A Lot of Questions, and a Bit Disruptive

Ultimately, the board transitions were right for Forrester, said Colony. For example, the reconstituted board oversaw the management team’s taking on $200 million of debt to make an acquisition. The previous board “would never have done that,” preferring to maintain more cash, said Colony.

“The new board is willing to take those risks,” he said. “They helped me understand those risks and helped me emotionally cope with those risks.”

He added that directors also began challenging him “in the first hour” of their first board meeting, which is what he wanted.

Ellinger of iRobot noted that new directors ask “a lot of questions” in their first meetings, which can sometimes be disruptive and distracting. As chair of the nominating and corporate governance committee, Ellinger has occasionally had quiet side conversations with new directors to get their questions answered without stopping the whole board meeting. Angle added that the board has also enhanced its onboarding materials to assist new directors before their first meeting as well as providing feedback after the first few meetings.

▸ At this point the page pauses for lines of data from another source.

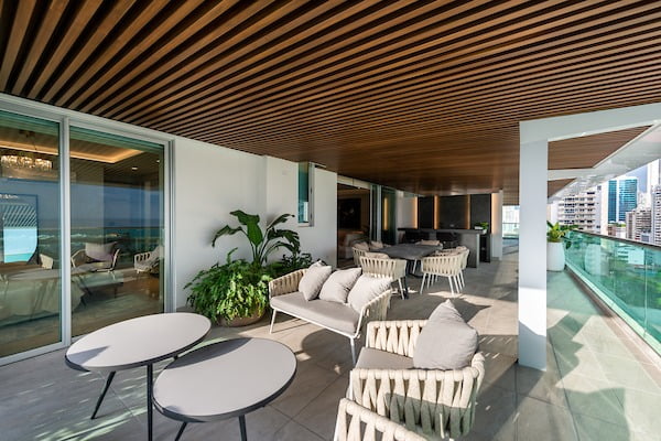 Every living room is bright and airy with a large balcony overlooking the surrounding neighborhood of Bella Vista, Parque Urraca, the breathtaking Panama skyline, and the Pacific Ocean.
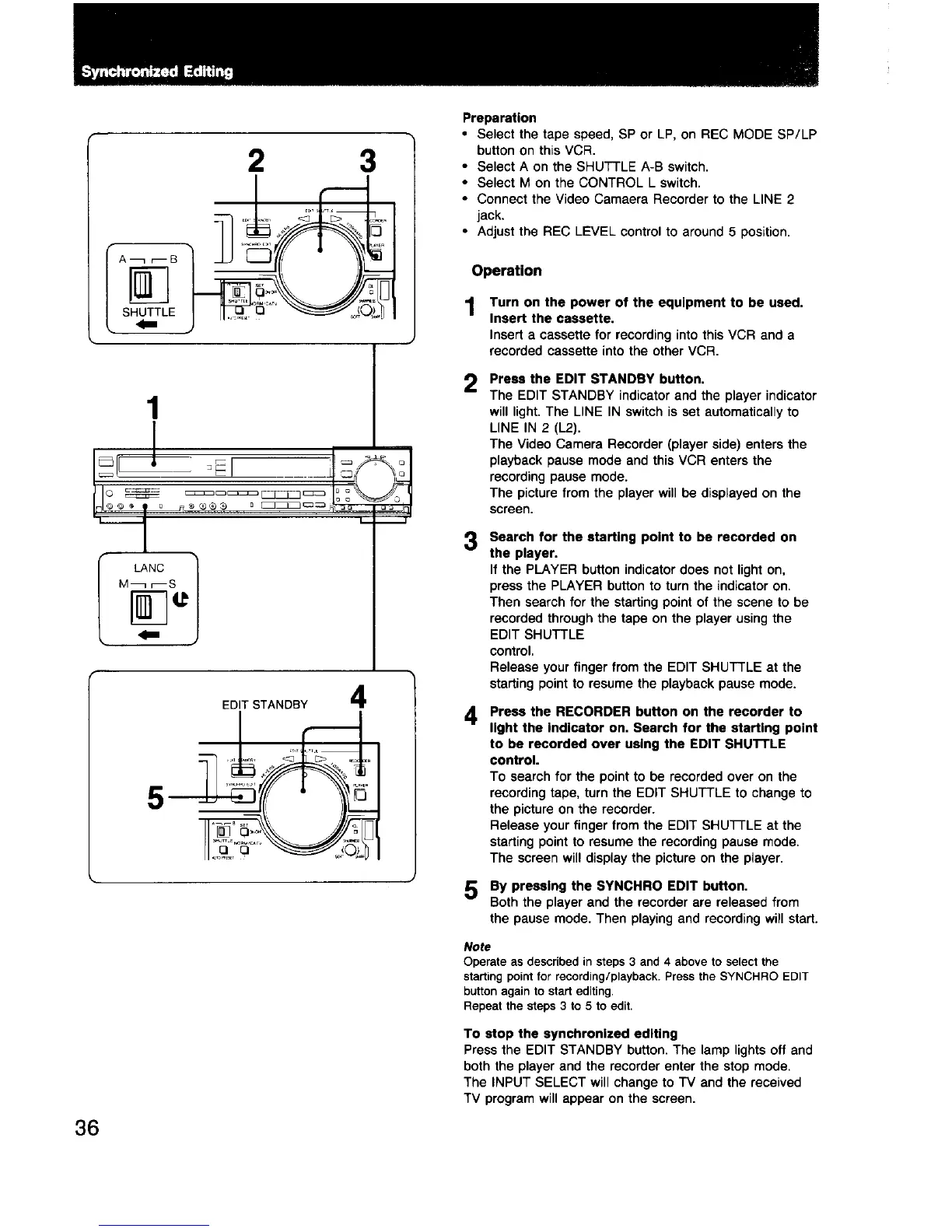 Sony EV-S550 - Synchronized Editing; Synchronized Editing Steps
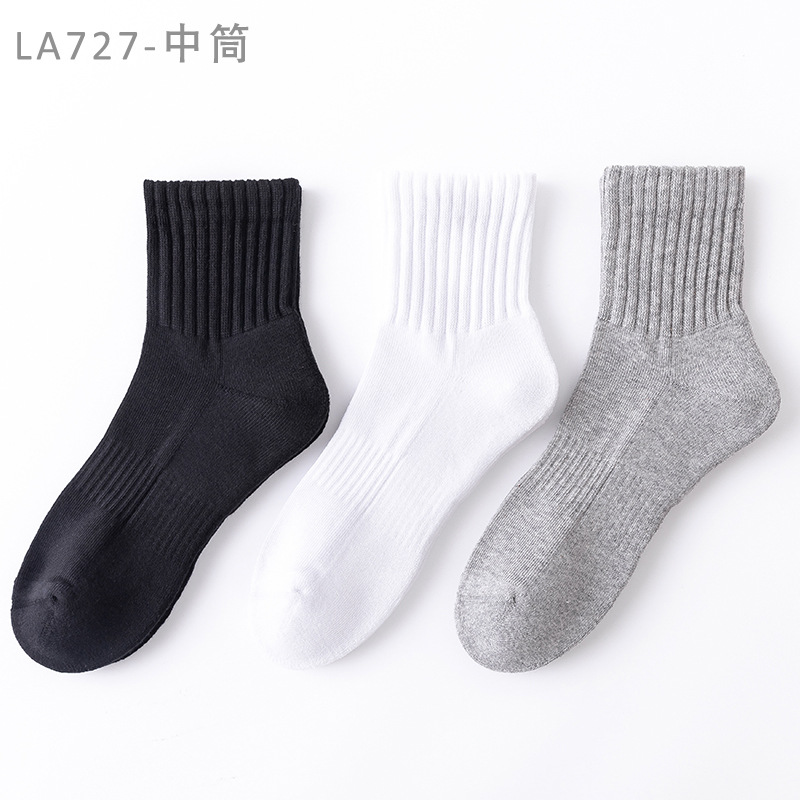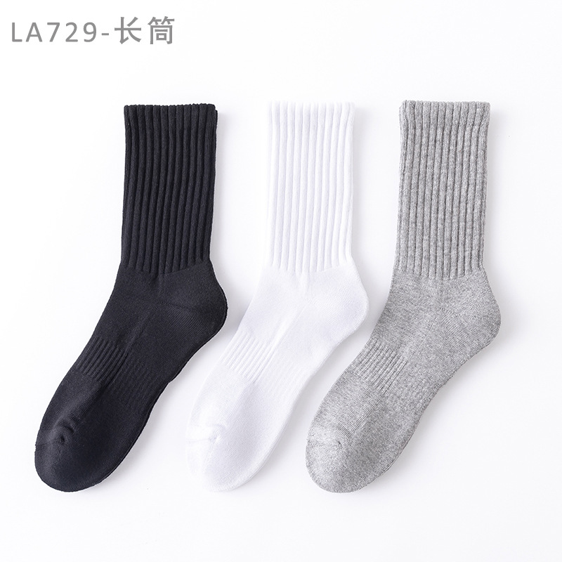남성용 미드 양말 빗질 코튼 솔리드 컬러 타월 바닥 스포츠 양말 땀 흡수 하이탑 롱 튜브 휴지통 양말 흑백 양말스토어 가기
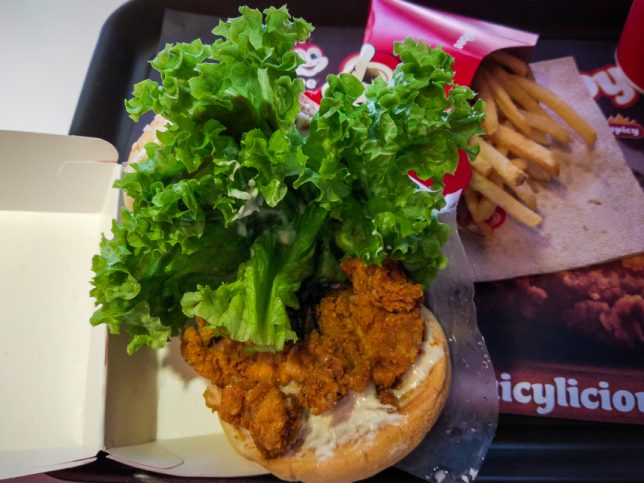 We had the Jollibee’s Chickenjoy Meal which comprised 2 pieces of chicken, a side of mashed potatoes and a soft drink. It was of the expected standard. The chicken was crispy on the outside and the inside was tender. It was not oily and was tasty.
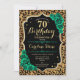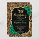 Invitation à la fête du 70e anniversaire. Design vert émeraude floral élégant avec de l'or parties scintillant et des roses. Caractéristiques du poster de animal de guépard léopard et police de script. Idéal pour une célébration anniversaire féminine élégante. Peut être customisé pour n'importe quel âge ! Invitations Zazzle imprimées ou téléchargement instantané modèle imprimable numérique.
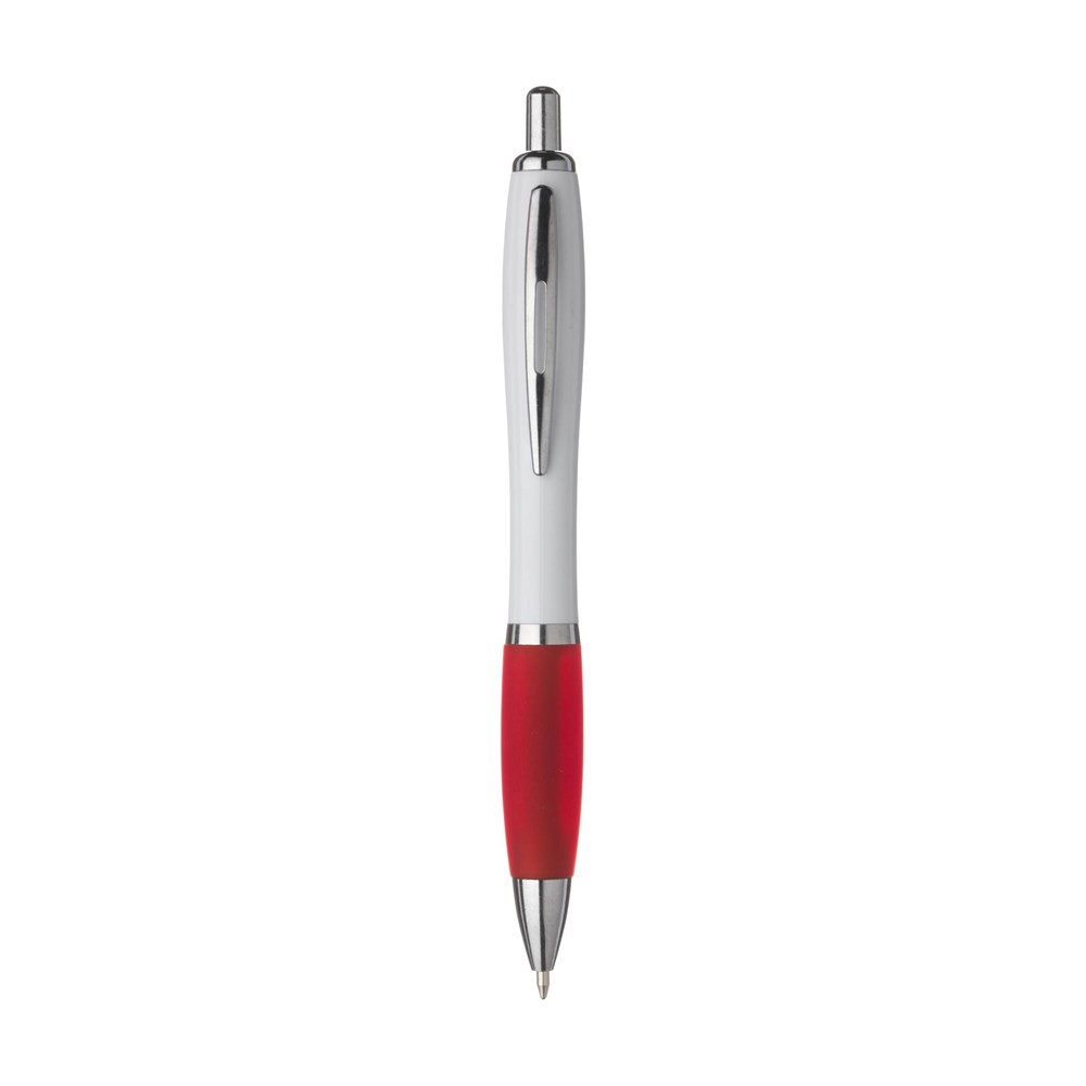 Blauschreibender oder schwarzschreibender Kugelschreiber mit weißem Gehäuse, farbigem, grifffestem Vorderstück und Metallclip.

Another advantage Colony has noticed, he said, is that as CEO he typically wants initiatives to move faster. New directors on the board, especially those with experience working in Silicon Valley, have encouraged him to move even faster than he would have. Still, there have been some bumps in the road. One new director is still working to understand the difference between oversight and management, and Colony said that director has required more feedback.

“I think it’s great to have newbies; they’re not polluted with the thinking of the board and the way you’re supposed to behave…. But be ready to coach.”

Proactively deciding to refresh the board is clearly not something that is easy to do, both on a professional and personal level. Professionally, saying that a change in the room is required and that new voices and fresh ideas are wanted over the status quo is and can be a very challenging thing to accept. But as Colony from Forrester can attest to, accepting and embracing change is the first step to further advancing the interests of the company. 

On a personal level, as the above examples illustrate, it can be difficult and awkward to inform long-tenured board members to give up their seat. It can be even more challenging if those directors that have been on the board for a long time develop close personal relationships with the one that is informing them. 

CEOs and lead directors need to do what’s in the best interests of the company. If the status quo has become the norm and no one seems to be stepping up and challenging the status quo, boards should begin to explore the possibility of proactively refreshing their directors. New directors will give an injection of enthusiasm into the board and provide their own new set of different perspectives and outlooks. To get to this stage though, plenty of uncomfortable conversations will need to occur with board members whose time on the board has come and gone.